Aim of the task: Write out each record below exactly, but not the pictures.

Dataset records:

++++++++

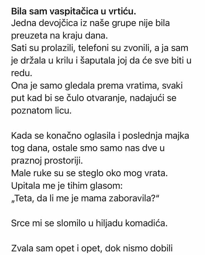 Jedna devojčica iz naše grupe nije bila preuzeta na kraju dana.
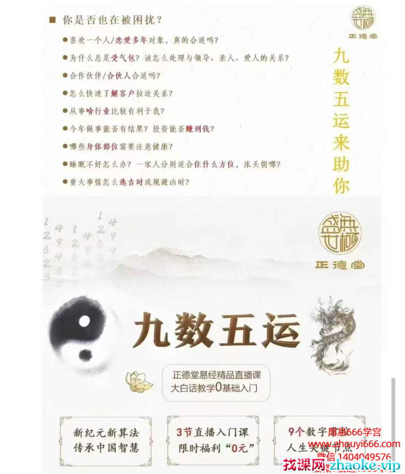 破译九数五运,掌控自在人生 。“九数五运速算法””0基础也能快速掌握,无门槛9个数字,一学就会一用就通,不用死记硬背,可指导感情、事业、家居、健康各方面。
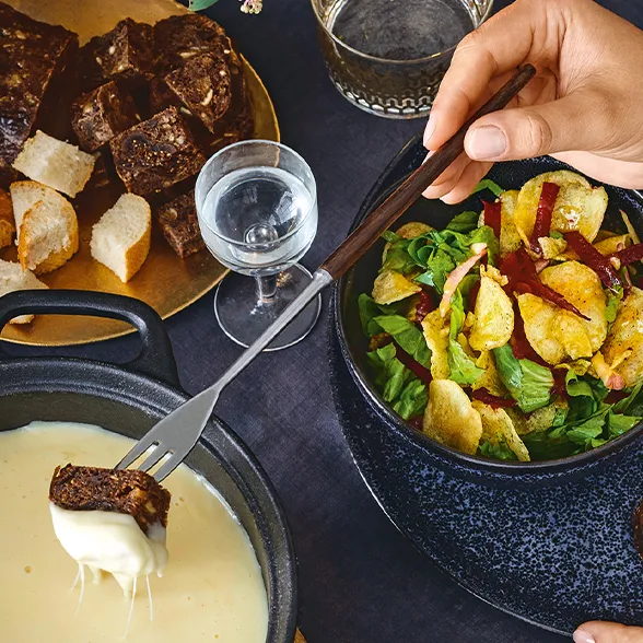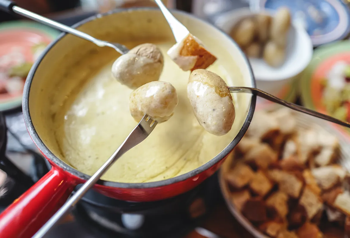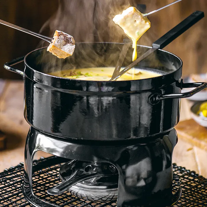 „Fondue” kommt aus dem Französischen und heißt übersetzt „geschmolzen”, doch der Name ist nicht immer Programm. Während Käse-Fondue ihm alle Ehre macht, gibt es auch Zubereitungsarten, in denen rohe Zutaten in Brühe oder Fett gegart werden.
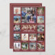 Vilket år att minnas! Skicka snyggt glatt hälsning och 15 av bilderna med ett helgdag för anpassningsbar 5x7-fotokollage. (IMAGE PLACEMENT TIP: Ett enkelt sätt att centrera ett foto exakt som du vill är att flytta det till skörd innan du laddar upp det till Zazzle-webbplatsen.) Texten i den här mallen är enkel att anpassa för att inkludera alla formuleringar som God jul, Glad helg, Säsonhälsningar, New Years Cheers osv. Burgundy Red och guld har formgivningen faux guld, handskrivet stil-manusgrafi, modern typograffamilj namn och år, och ett unikt fotorutnät på 15 kvadratbilder med skrivmaskin-typsnitt. På baksidan finns utrymme för skriva av ett personlig-meddelande eller det år som granskas. Familjen och vännerna kommer att visa elegantens anpassade kort i kärlek. Observera att guld är tryckt på färg, inte metallfolie.
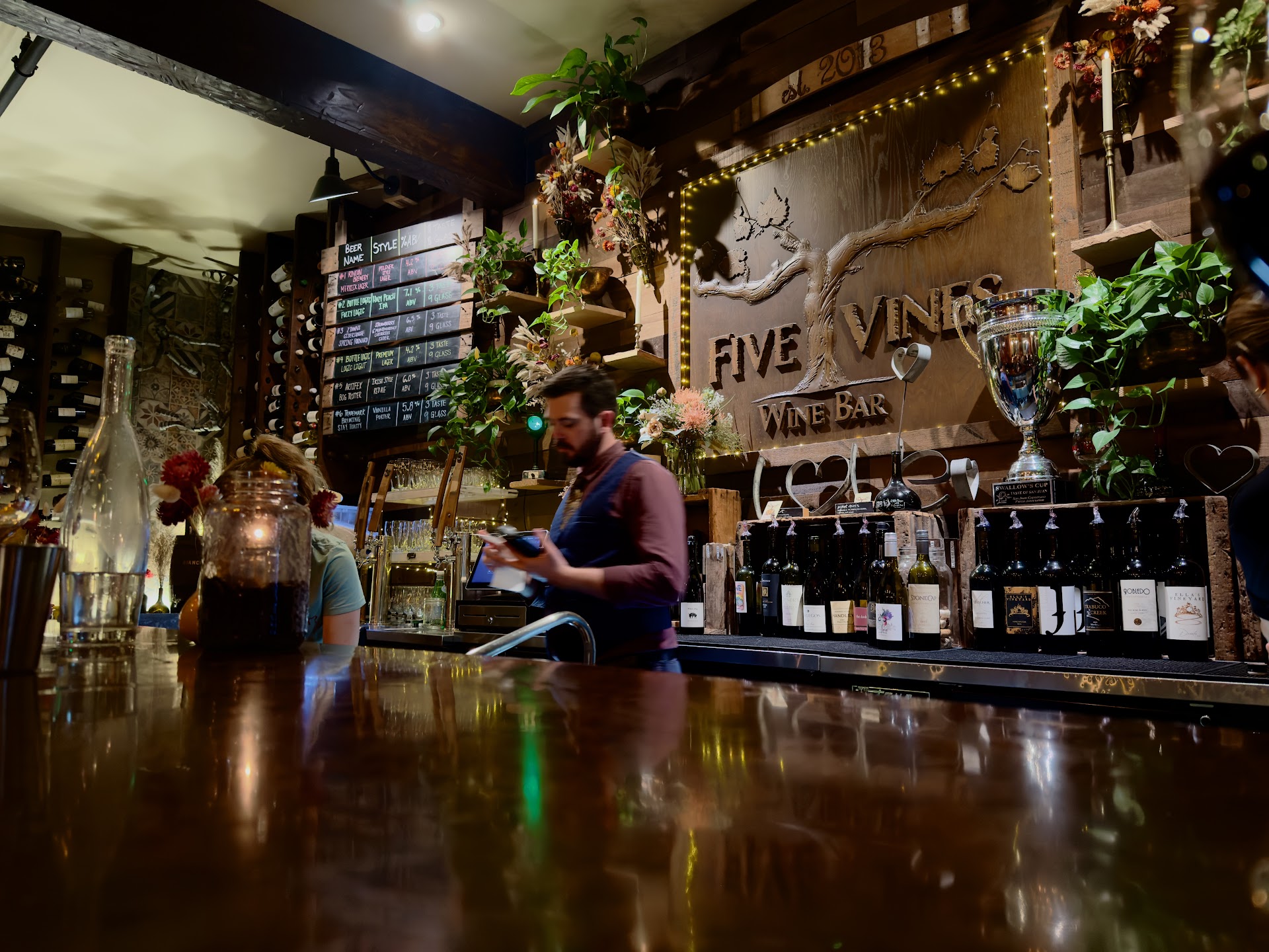 Read moreWe planned our rehearsal dinner at Five Vines all the way from Phoenix as we were having a destination wedding. We took a keep of faith and chose to have our rehearsal dinner without having the opportunity to visit first. And it was one of the best decisions we made for our entire wedding weekend. Five Fives in a family owned and operated wine bar in downtown SJC and it was evident from the beginning how much love and care they have put into making their establishment welcoming, beautiful, fun, and delicious. Through the planning process we worked directly with Suzy, one of the owners. She was fast to communicate and helped us plan the exact style dinner we were looking for. We held the dinner in the private area upstairs which also has a private balcony which guests really enjoyed. Having not been there before we brought some of our own decorations, which frankly we did not need. The room was beautifully set up with plenty of decor. We will be traveling back to SJC just to eat/drink there again. Everything was delicious. But what really made the night special was that they allowed us to play some of our families favorite songs on high quality speakers and dance together. It was such a wholesome and happy memory we will truly cherish forever. The bartender was Suzy’s son and he made the yummiest cocktails, made everyone laugh, and gave us phenomenal recommendations for must try local spots. Suzy and her family are kind and welcoming people and Five Vines completely exceeded our reherseal dinner...
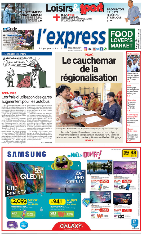 En une: PSAC: De nombreux parents ne comprennent pas le mécanisme d’octroi des collèges après les résultats du PSAC. Autre titre : Les compagnies d’autobus et les coopératives de propriétaires d’autobus ont du souci à se faire.
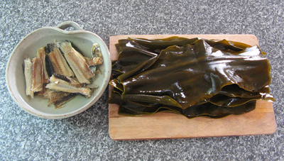 左が今回使った北海道名産「日高みついし昆布」 (210グラム中140グラム使用)
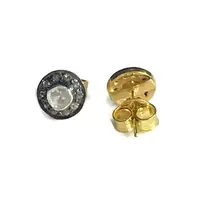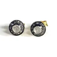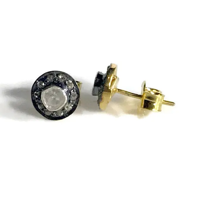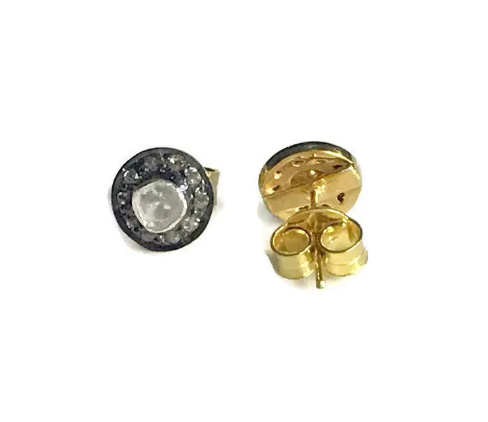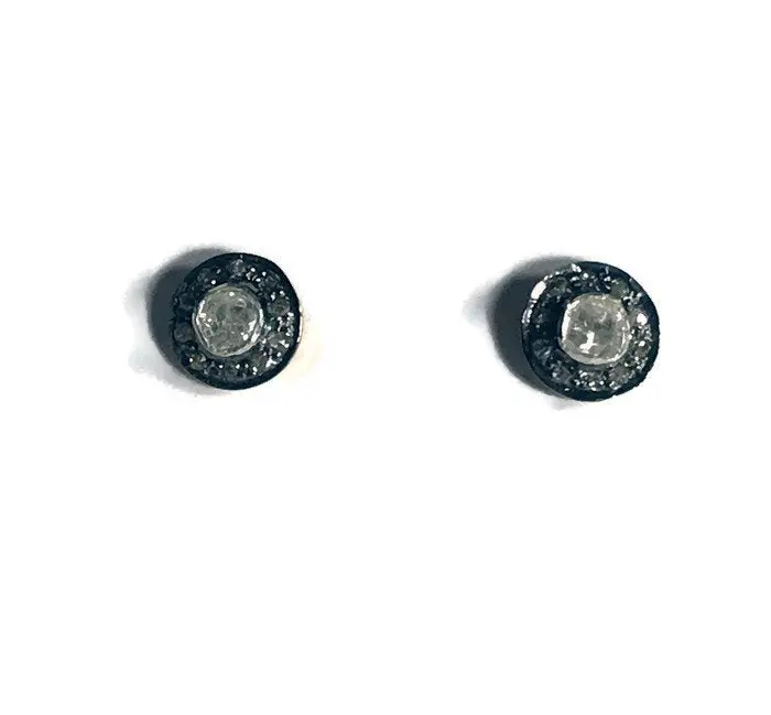 single solitaire hand cut diamond earring studded with 100% natural Rose cut diamonds in bezel and pave set......and black rhodium and gold plated plated......................
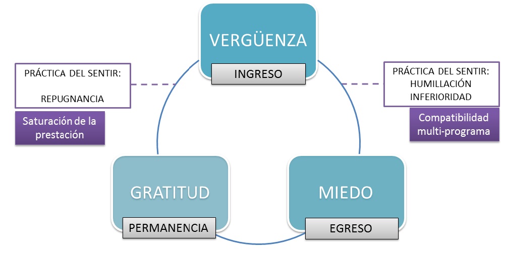 En las narraciones de las personas entrevistadas, independientemente de la generación a la que pertenecen, aparece con fuerza la vergüenza asociada al ingreso, el agradecimiento a las ayudas durante la permanencia y, el miedo vinculado a la finalización o pérdida del programa. Las emociones, en tanto prácticas, impulsan la acción. Es decir, las conexiones entre las percepciones, las sensaciones y las emociones operan en un estado pre-reflexivo que se vuelven acciones concretas. Por ejemplo, la vergüenza a realizar los trámites de ingreso puede paralizar la acción, postergarla, etc. El miedo, asociado al hambre como violencia de la coacción externa, entra en tensión con la vergüenza. El avance de los límites de la vergüenza implica la reducción de miedo, porque el miedo, es miedo a no tener para comer. De esta manera, a los programas se ingresa con vergüenza, como una práctica del sentir inferioridad a partir de la focalización negativa de los diseños. En la tensión entre la vergüenza del ingreso y el miedo a perder el programa se despliegan acciones a partir de esas emociones, como por ejemplo, la compatibilidad multi-programa que requiere del capital social y cultural (sensu Bourdieu) que garantiza las herramientas para encastrar el rompecabezas de las múltiples intervenciones.
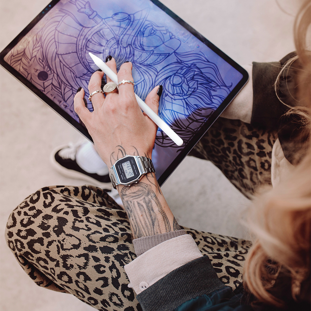 Robusta, resistente e elegante: a correia de pulso em aço inoxidável dá ao seu relógio um visual clássico.
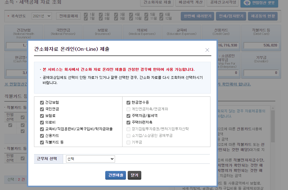상단에 나와 있는 설명과 같이 내가 다니고 있는 회사에서 간소화 자료 온라인 제출 서비스를 신청해야 이용 가능!
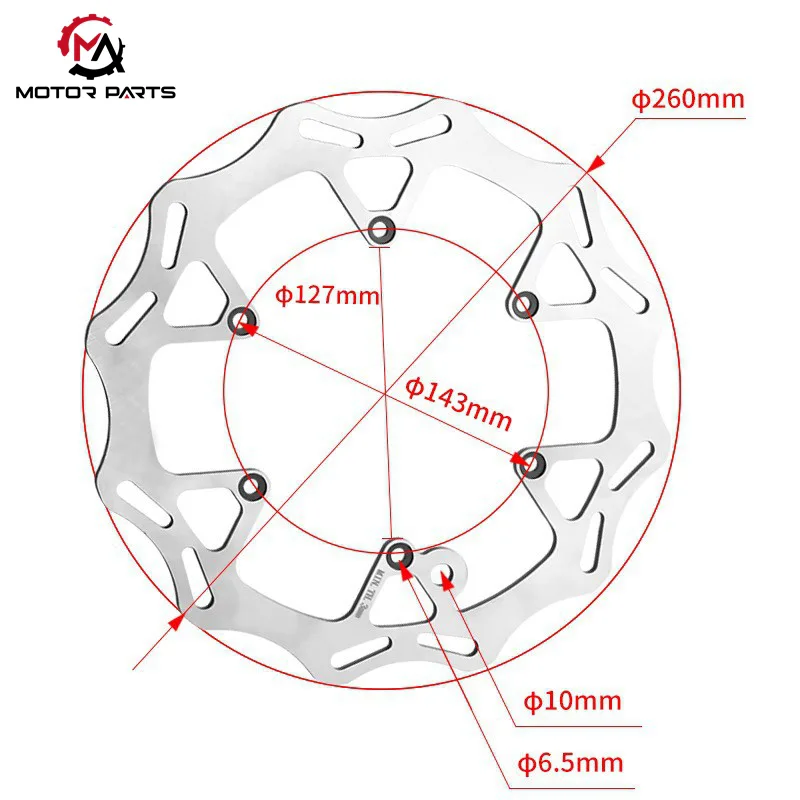 Pinag-isang 260mm diameter: Ang mga pangunahing modelo ng brake disc ay pantay na gumagamit ng isang 260mm diameter na detalye. Ang karaniwang halimbawa ay ang modelong 77709160000, na ganap na katugma sa mga sasakyang serye ng KTM MX/Enduro na ginawa mula 2003 hanggang 2025.
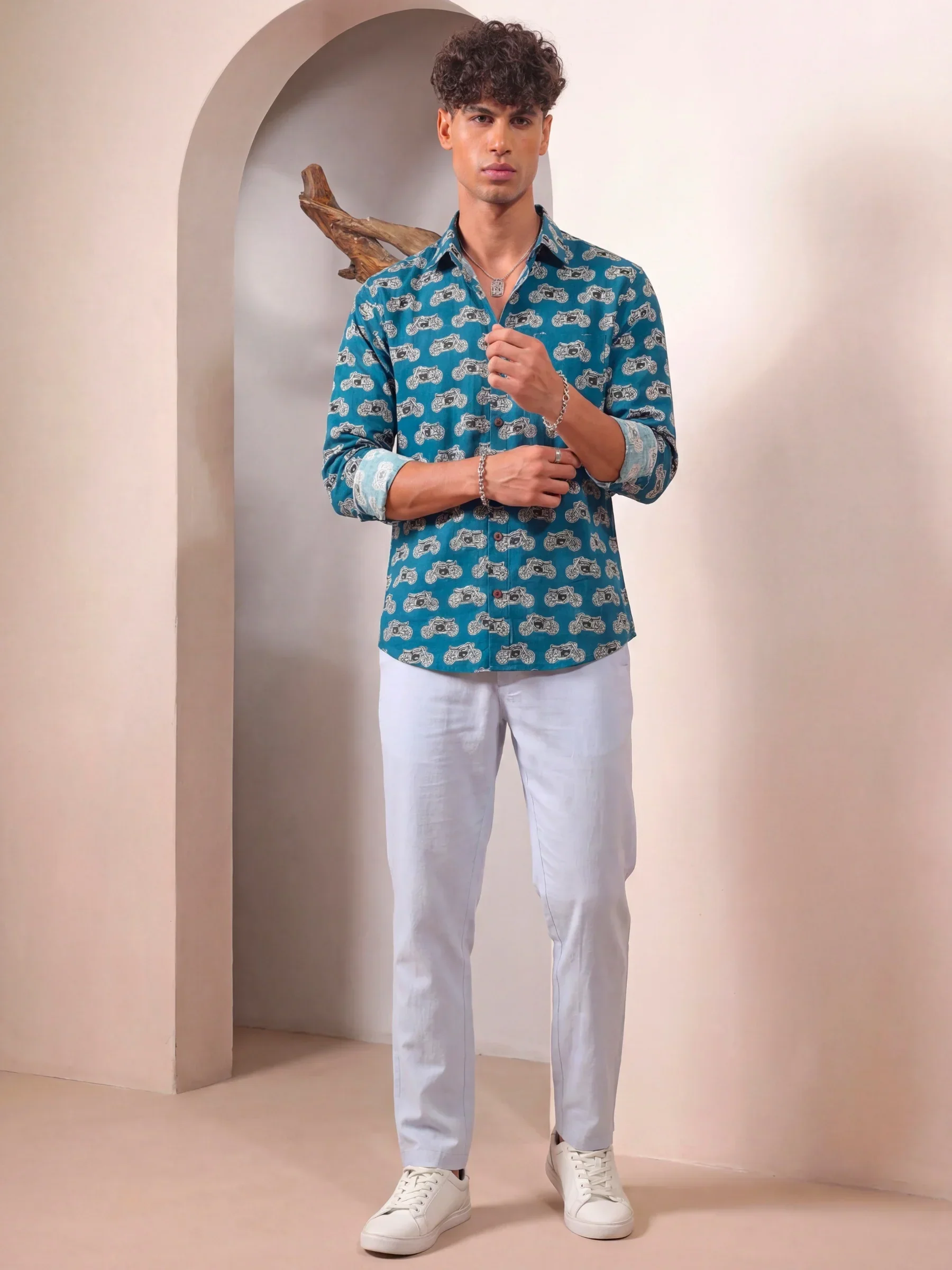 Rev up your style with Vintage Wheels by Jaipuri Crown – a trendy Full sleeve cotton shirt featuring a unique motorcycle print in cream against a vibrant teal background. Made from 100% Sanganeri cotton, this shirt provides a soft and breathable feel, perfect for casual outings, weekend adventures, or simply lounging in style.

++++++++

Exercise result:
 Jedna devojčica iz naše grupe nije bila preuzeta na kraju dana.
 破译九数五运,掌控自在人生 。“九数五运速算法””0基础也能快速掌握,无门槛9个数字,一学就会一用就通,不用死记硬背,可指导感情、事业、家居、健康各方面。
 „Fondue” kommt aus dem Französischen und heißt übersetzt „geschmolzen”, doch der Name ist nicht immer Programm. Während Käse-Fondue ihm alle Ehre macht, gibt es auch Zubereitungsarten, in denen rohe Zutaten in Brühe oder Fett gegart werden.
 Vilket år att minnas! Skicka snyggt glatt hälsning och 15 av bilderna med ett helgdag för anpassningsbar 5x7-fotokollage. (IMAGE PLACEMENT TIP: Ett enkelt sätt att centrera ett foto exakt som du vill är att flytta det till skörd innan du laddar upp det till Zazzle-webbplatsen.) Texten i den här mallen är enkel att anpassa för att inkludera alla formuleringar som God jul, Glad helg, Säsonhälsningar, New Years Cheers osv. Burgundy Red och guld har formgivningen faux guld, handskrivet stil-manusgrafi, modern typograffamilj namn och år, och ett unikt fotorutnät på 15 kvadratbilder med skrivmaskin-typsnitt. På baksidan finns utrymme för skriva av ett personlig-meddelande eller det år som granskas. Familjen och vännerna kommer att visa elegantens anpassade kort i kärlek. Observera att guld är tryckt på färg, inte metallfolie.
 Read moreWe planned our rehearsal dinner at Five Vines all the way from Phoenix as we were having a destination wedding. We took a keep of faith and chose to have our rehearsal dinner without having the opportunity to visit first. And it was one of the best decisions we made for our entire wedding weekend. Five Fives in a family owned and operated wine bar in downtown SJC and it was evident from the beginning how much love and care they have put into making their establishment welcoming, beautiful, fun, and delicious. Through the planning process we worked directly with Suzy, one of the owners. She was fast to communicate and helped us plan the exact style dinner we were looking for. We held the dinner in the private area upstairs which also has a private balcony which guests really enjoyed. Having not been there before we brought some of our own decorations, which frankly we did not need. The room was beautifully set up with plenty of decor. We will be traveling back to SJC just to eat/drink there again. Everything was delicious. But what really made the night special was that they allowed us to play some of our families favorite songs on high quality speakers and dance together. It was such a wholesome and happy memory we will truly cherish forever. The bartender was Suzy’s son and he made the yummiest cocktails, made everyone laugh, and gave us phenomenal recommendations for must try local spots. Suzy and her family are kind and welcoming people and Five Vines completely exceeded our reherseal dinner...
 En une: PSAC: De nombreux parents ne comprennent pas le mécanisme d’octroi des collèges après les résultats du PSAC. Autre titre : Les compagnies d’autobus et les coopératives de propriétaires d’autobus ont du souci à se faire.
 左が今回使った北海道名産「日高みついし昆布」 (210グラム中140グラム使用)
 single solitaire hand cut diamond earring studded with 100% natural Rose cut diamonds in bezel and pave set......and black rhodium and gold plated plated......................
 En las narraciones de las personas entrevistadas, independientemente de la generación a la que pertenecen, aparece con fuerza la vergüenza asociada al ingreso, el agradecimiento a las ayudas durante la permanencia y, el miedo vinculado a la finalización o pérdida del programa. Las emociones, en tanto prácticas, impulsan la acción. Es decir, las conexiones entre las percepciones, las sensaciones y las emociones operan en un estado pre-reflexivo que se vuelven acciones concretas. Por ejemplo, la vergüenza a realizar los trámites de ingreso puede paralizar la acción, postergarla, etc. El miedo, asociado al hambre como violencia de la coacción externa, entra en tensión con la vergüenza. El avance de los límites de la vergüenza implica la reducción de miedo, porque el miedo, es miedo a no tener para comer. De esta manera, a los programas se ingresa con vergüenza, como una práctica del sentir inferioridad a partir de la focalización negativa de los diseños. En la tensión entre la vergüenza del ingreso y el miedo a perder el programa se despliegan acciones a partir de esas emociones, como por ejemplo, la compatibilidad multi-programa que requiere del capital social y cultural (sensu Bourdieu) que garantiza las herramientas para encastrar el rompecabezas de las múltiples intervenciones.
 Robusta, resistente e elegante: a correia de pulso em aço inoxidável dá ao seu relógio um visual clássico.
상단에 나와 있는 설명과 같이 내가 다니고 있는 회사에서 간소화 자료 온라인 제출 서비스를 신청해야 이용 가능!
 Pinag-isang 260mm diameter: Ang mga pangunahing modelo ng brake disc ay pantay na gumagamit ng isang 260mm diameter na detalye. Ang karaniwang halimbawa ay ang modelong 77709160000, na ganap na katugma sa mga sasakyang serye ng KTM MX/Enduro na ginawa mula 2003 hanggang 2025.
 Rev up your style with Vintage Wheels by Jaipuri Crown – a trendy Full sleeve cotton shirt featuring a unique motorcycle print in cream against a vibrant teal background. Made from 100% Sanganeri cotton, this shirt provides a soft and breathable feel, perfect for casual outings, weekend adventures, or simply lounging in style.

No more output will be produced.